Exercise directions. Exact retyping of the data: please keep every word and drop each picture.

*** Opening of Given information ***

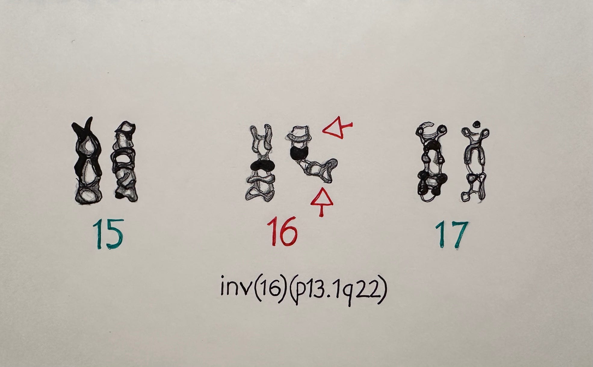 Like Schlossberg, I had acute myeloid leukemia, AML. But for me, it was the 16th chromosome of a blast cell that flipped upside-down, whereas for her, it was the 3rd. Just that: a different chromosome. A microscopic distinction that means the difference between likely survival (given extreme doses of chemo) and almost certain death.
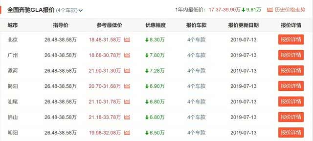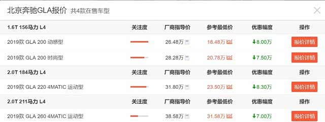 至于购买建议的话,今年早些时候,奔驰也响应增值税税率调整政策下调了GLA的官方指导价,所以首先从车型年款上说,2019款车型的优惠金额与2018款车型相当,自然是2019款车型更值得购买。其次从优惠价格趋势来看,奔驰GLA的优惠幅度近期可能会保持在目前的水平,也就是有6万元左右的优惠,或许到了第三季度末会有更高一些的优惠。
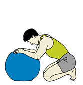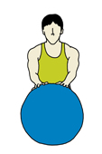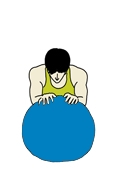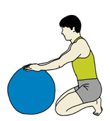フロアに膝まづいて、両方の手の平をボールのトップに乗せる。 |
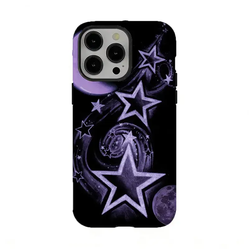 Y2K Galaxy Star Phone Case - Mystic Purple Moon & Swirl Art Protective Cover,for iPhone

*** Close of Given information ***

Response box.
 Like Schlossberg, I had acute myeloid leukemia, AML. But for me, it was the 16th chromosome of a blast cell that flipped upside-down, whereas for her, it was the 3rd. Just that: a different chromosome. A microscopic distinction that means the difference between likely survival (given extreme doses of chemo) and almost certain death.
 至于购买建议的话,今年早些时候,奔驰也响应增值税税率调整政策下调了GLA的官方指导价,所以首先从车型年款上说,2019款车型的优惠金额与2018款车型相当,自然是2019款车型更值得购买。其次从优惠价格趋势来看,奔驰GLA的优惠幅度近期可能会保持在目前的水平,也就是有6万元左右的优惠,或许到了第三季度末会有更高一些的优惠。
フロアに膝まづいて、両方の手の平をボールのトップに乗せる。 |
 Y2K Galaxy Star Phone Case - Mystic Purple Moon & Swirl Art Protective Cover,for iPhone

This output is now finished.